Most speakers are not even aware of etymology: "We must accept the
obvious fact that the speakers of a language simply know next to
nothing about its development; and this certainly was the case with
the writers and immediate readers of Scripture two millennia ago."
(Moises Silva, Biblical Words and Their Meaning, Kindle location 487).
Certainly the omniscient God knows what the immediate speakers may
or may not know; but why God would be presumed to 'mean' the
etymologies when no one else does is unclear.

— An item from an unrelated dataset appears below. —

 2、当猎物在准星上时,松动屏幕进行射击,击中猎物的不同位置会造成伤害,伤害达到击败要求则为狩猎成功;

The word 'firmament' is 'raqiya'. Atheists, going behind God's revelation to the vocabulary of the already
existing human language He employed, claim that on its face this word propounds
the 'sky-dome' theory. It means something beaten out, as gold into fine gold
leaf. This is why the word is often translated 'expanse': "Then God
said, 'Let there be an expanse in the midst of the waters, and let it separate
the waters from the waters." (Genesis 1:6 NASB). In Biblical meteorology,
there is a lower ocean, the surface waters...and an upper ocean, the clouds:
"Or who shut up the sea with doors, when it brake forth, as if it
had issued out of the womb? When I made the cloud the garment thereof,
and thick darkness a swaddling-band for it. . ." (Job 38:8-9). God used
this already existing word with clear meaning. If anyone asked, 'What is it?,' the speaker could point.
The atheists say, language speakers must at some point have believed
in a metal sky dome, or otherwise why use such a word? Perhaps to
point to the lack of granularity? Who knows?

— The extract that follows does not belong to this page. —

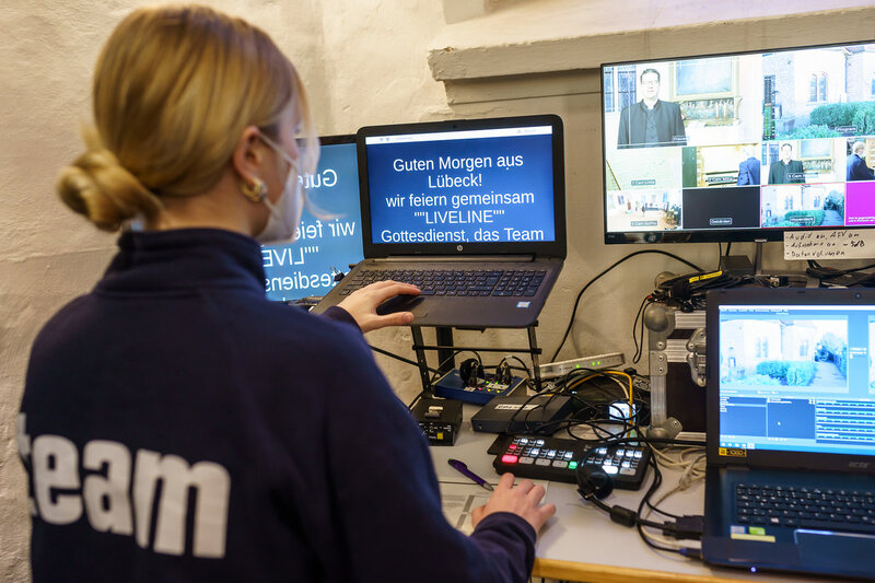 Freitagabend, kurz nach 17 Uhr. Rushhour in Lübeck. Rund um die Altstadt staut sich der Verkehr. In der Ratzeburger Allee geht es für Autofahrer nur schrittweise vorwärts. Die Hansestadt startet ins Wochenende - mit Ausnahmen wie Jule Klapproth, Jakob Gutsche und etwa 30 weiteren ehren- und hauptamtlichen Akteuren. Für sie beginnt die heiße Phase - die Proben für den Online-Gottesdienst #liveline, der am Sonntag live aus der St.-Jürgen-Kapelle auf tausende Fernseher und Laptops in ganz Deutschland gesendet werden soll.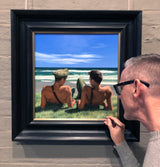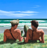 Two partially dressed soldiers, each retaining the Sam Brown over their shoulders are laying on a beach headland in front of sweeping waves. A quiet, relaxed intimacy exists between the two figures in this painting. Positioned achingly close but without touching, their body language and position of their gaze is suggestive of a romantic bond between the two. Perhaps they are captured immediately prior to a more physical embrace or shyly testing the intentions of the other.

Nor is it reasonable arbitrarily to rule out otherwise available uses of
language. Who propounded the rule that we can use simile and metaphor,
but God cannot? One paramount 'dome' proof-text is Job 37:18: "Hast
thou with him spread out the sky, which is strong, and as a molten looking
glass?". But we find similar imagery in modern poets. Was Coleridge
a flat-earther?: "All in a hot and copper
sky, The bloody Sun, at noon, Right up above the mast did stand, No bigger than the Moon."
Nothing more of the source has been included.